We expect 2017 to be a good year for Metinvest, buoyed by higher prices, which 
will likely allow the company to achieve S&P Global Ratings-adjusted FFO to 
debt of about 35%, compared with below 20% in 2016, and adjusted debt to 
EBITDA of around 2.0x, compared with 3.4x at end-2016 and around 10.0x at 
end-2015. Under our forecast of somewhat lower iron ore prices and debt, but 
higher pellet premiums and capex, we expect FFO to debt in the 35%-40% range 
in 2018.

In March 2017, the company completed its debt restructuring of its Eurobonds 
and PXF facilities. Post restructuring, the capital structure consists of $1.2 
billion Eurobonds, $1.1 billion PXF facilities, trade finance, other debt 
(leasing and export credit agency financing), and $0.4 billion shareholder 
loans (SHL)--excluded from S&P Global Ratings-adjusted debt. The restructuring 
agreement resulted in an improved capital structure, with maturities extended 
to 2021, and has strengthened the company's liquidity position. The new loan 
has a two-year quasi-grace period, during which only 30% of interest payments 
and no principal repayments are made, unless the cash balance exceeds $180 
million. In addition, the loan documentation restricts Metinvest from paying 
dividends unless certain conditions are met, including consolidated net 
leverage below 1.5x (defined as per loan documentation) and at least 55% of 
bonds and PFX amounts outstanding as of the restructuring that must have been 
repaid. 

As of June 30, 2017, S&P Global Ratings-adjusted debt for Metinvest was $2.95 
billion. We also include in our measure of adjusted debt $276 million of 
defined benefit pension obligations, $115 million of trade receivables sold, 
$54 million of asset retirement obligations, trade finance, and other debt 
(leasing and export credit agency financing). We exclude the shareholder loan 
of $443 million in our adjusted debt calculation, since this is subordinated, 
has no ongoing debt service requirements, and matures after other debt 
obligations.

The stable outlook reflects our base-case expectation that Metinvest will be 
able to improve and sustain higher margins in 2017 and thereafter, from a low 
base in 2015. We expect high planned capex to constrain free operating cash 
flow generation over the same period, however.
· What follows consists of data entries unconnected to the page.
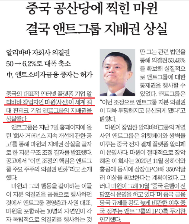 마윈은 2020년 10월 중국 금융당국이 지나치게 보수적이고 경직된 규제 감독에 치중하고 있다고 직설적으로 비판하기도 하였는데, 그 이후, 앤트그룹의 기업공개(IPO) 절차를 전격 중단당하는 초강수에 마위은 큰 타격을 입기도 하였습니다. 이는 마윈이 중국 금융시스템의 후진성을 비판하고, 중국 공산당에게 정면으로 도전한 샘으로 비쳤으며, 중국 당국으로부터 호출을 당해, 수일간 감금당하는 일도 겪기도 했습니다. 앤트그룹의 기업공개는 345억 달러를 조달하는 인류 역사상 최대 IPO가 될 것으로 주목받았는데, 당국이 이를 취소시켜 버렸으며, 이 때문에, 미국 뉴욕증권거래소에 상장된 알리바바 주식 또한 폭락하고 말았습니다.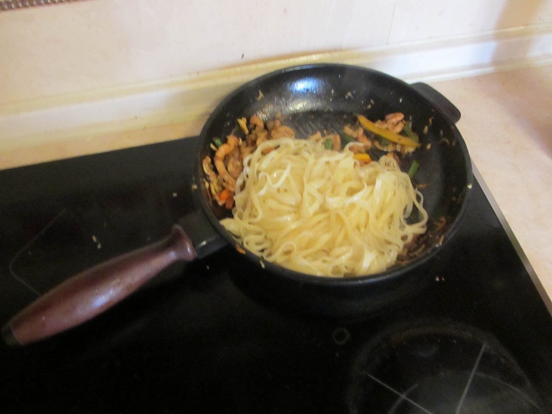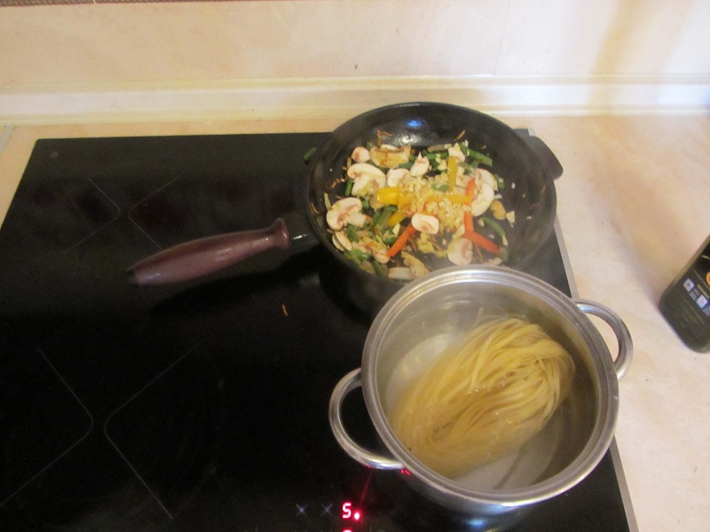 Параллельно с этим отвариваем нашу лапшу до состояния альденте.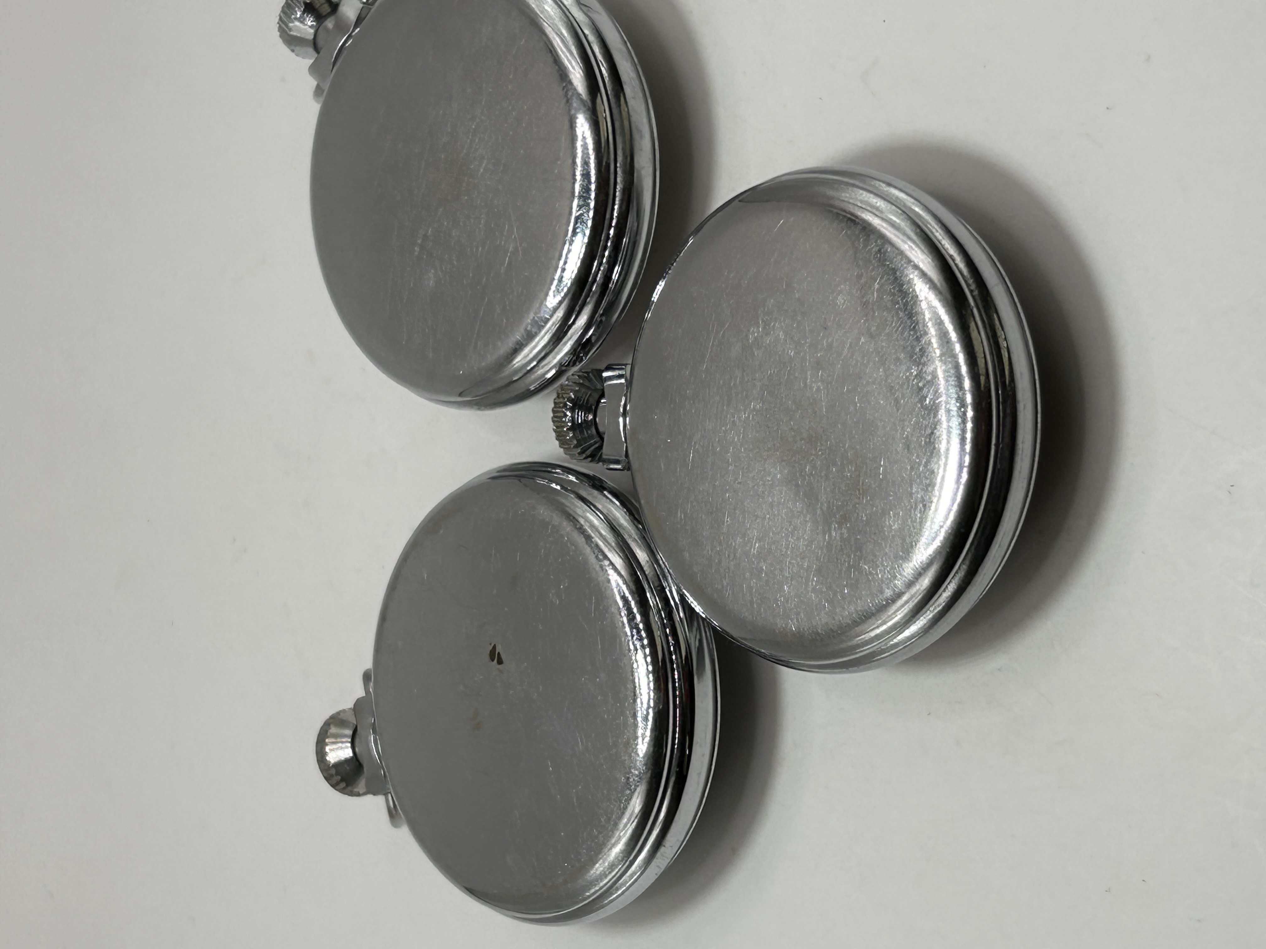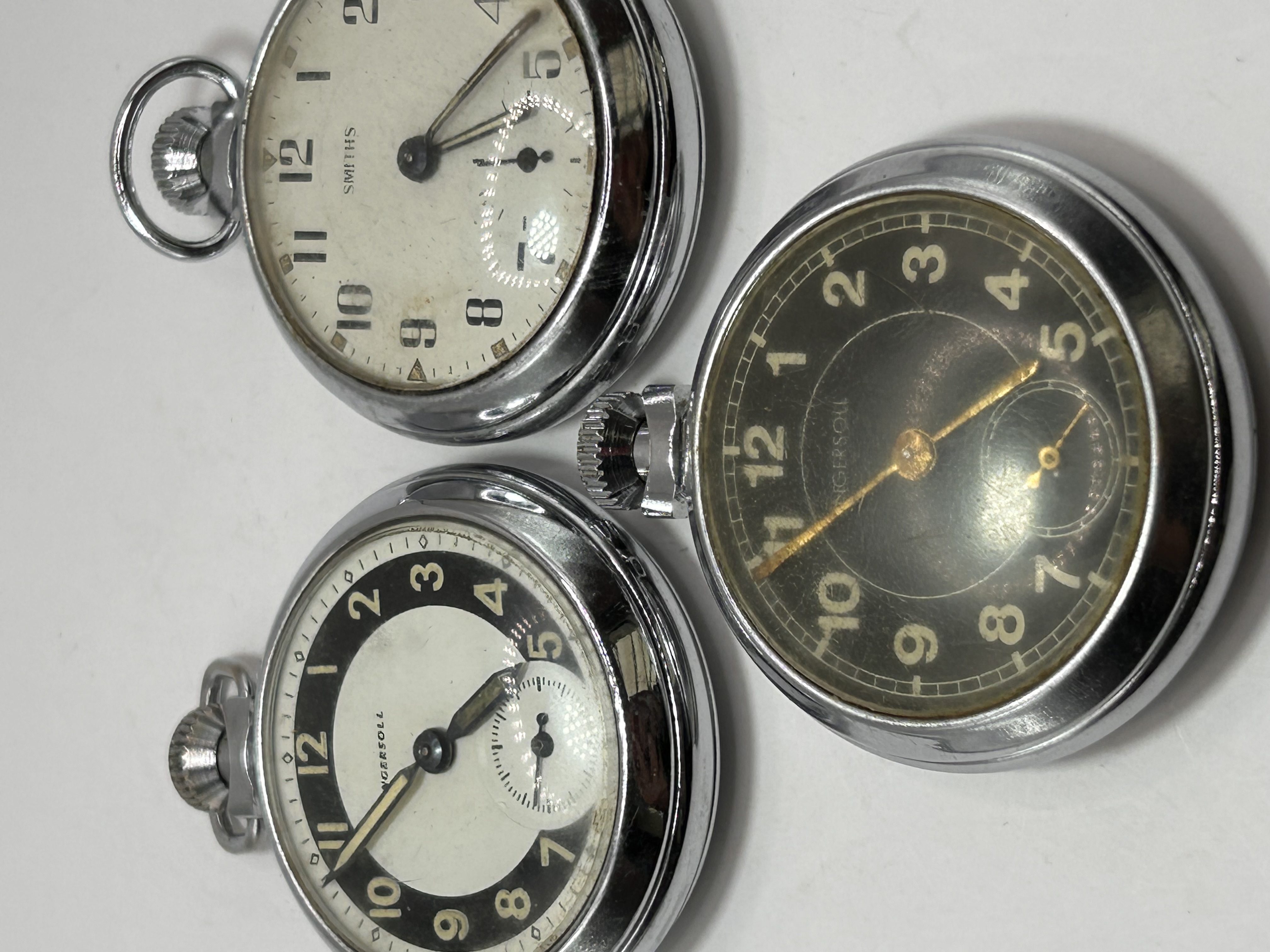 A group of three chrome plate case Ingersoll and Smiths pocket watches, circa 1960s. Each open-face pocket watch is housed in a polished or chrome-plated base metal case with a prominent crown and bail. The first watch, marked ‘INGERSOLL,’ features a two-tone black and white dial with Arabic numerals and a sub-seconds dial. The second watch, marked ‘SMITHS,’ has a cream-colored dial with Arabic numerals, a sub-seconds dial, and a minute track. The third watch, also marked ‘INGERSOLL,’ displays a black dial with luminous-style Arabic numerals and gold-tone hands, also featuring a sub-seconds dial.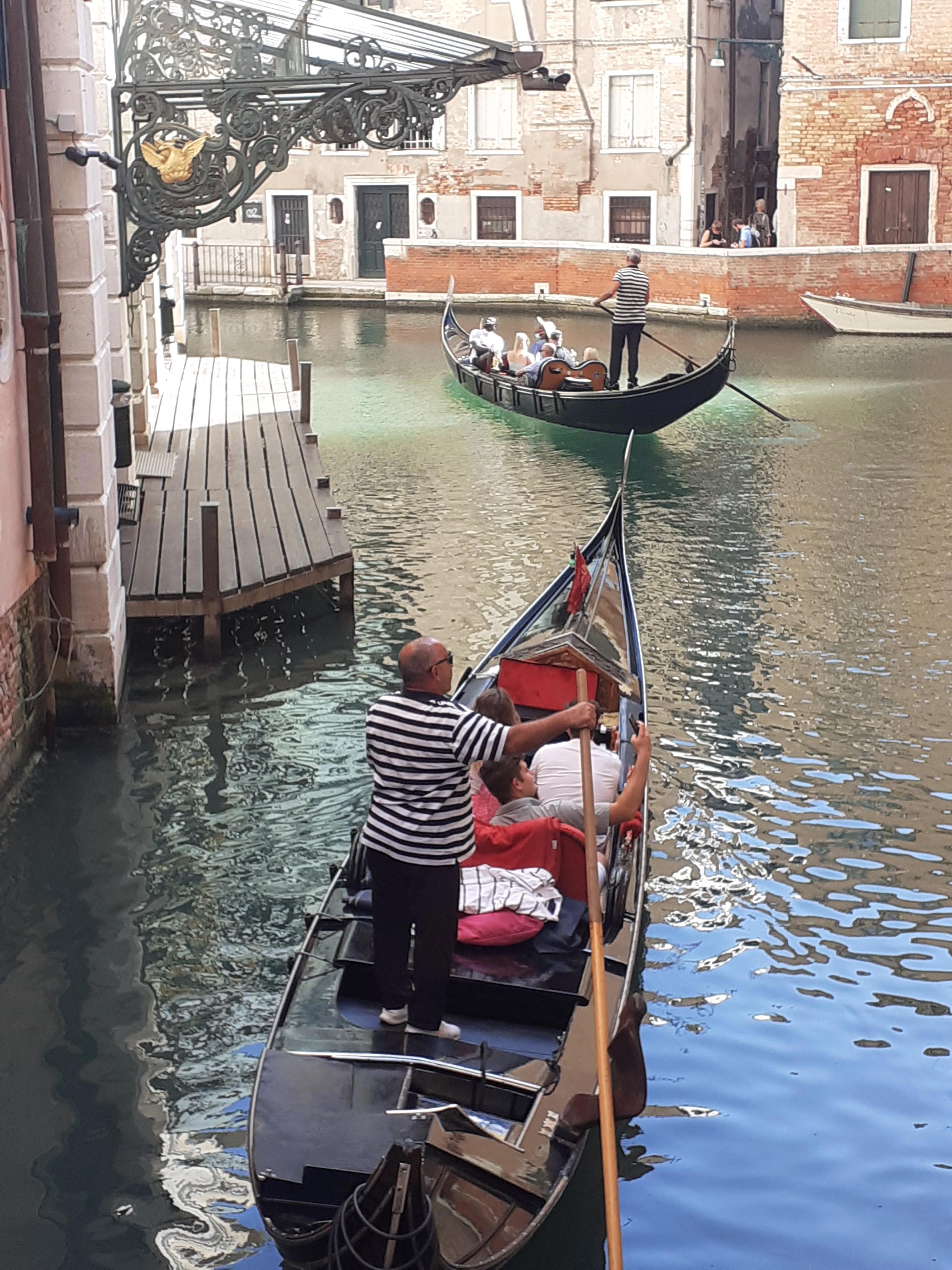 Когда устанете ходить, то можно покататься на гондоле. Гондолой управляет гондольер – представитель древней венецианской профессии. Раньше ремесло почти всегда передавалось по наследству от отца к сыну, но сегодня, чтобы стать гондольером, нужно пройти обучение и сдать экзамены; ежегодно выдаётся всего несколько новых лицензий. Гондольеры – это не только гребцы, но и своеобразные актёры: они поют баркаролы, рассказывают истории и создают атмосферу романтики для туристов. Одежда гондольеров – полосатые рубашки и соломенные шляпы – стала символом Венеции. Полоски изначально имели практическое значение: они помогали выделить гондольера на фоне воды и тумана. Сегодня это часть традиции и туристического образа.

We also assume that Metinvest 
will maintain adequate liquidity. Furthermore, we take into account that 
Metinvest's majority shareholder SCM will pose no constraint on Metinvest and 
that there will be no further geopolitical risk escalation in Ukraine. The 
rating on Metinvest is currently not constrained by our view of the 
sovereign's creditworthiness.

We expect that the company will maintain adjusted FFO to debt of over 20% 
under normal market conditions and could withstand a weakening to 12% under a 
lower commodity price scenario.

We could lower our rating on Metinvest if its steel margins fail to stabilize 
in 2018, as we expect in our base case, because this would lead to higher 
leverage than we currently forecast. A deterioration in the company's 
liquidity could also lead us to review the rating. Moreover, a weakening of 
the credit profile of the SCM group could squeeze the current 'B-' rating.

Given the debt restructuring and changes in the business in 2017, a potential 
upgrade would hinge on the company demonstrating, over the next 12-18 months, 
operating performance in line with our base case. The credit quality of the 
controlling shareholders and maintenance of sufficiently robust liquidity to 
withstand a sovereign default are also factors we would consider before taking 
a positive rating action.


Bankografo note:

Метінвест і ПУМБ є пов'язаними компаніями, оскільки мають спільного бенефіціара Ахметова Р.Л.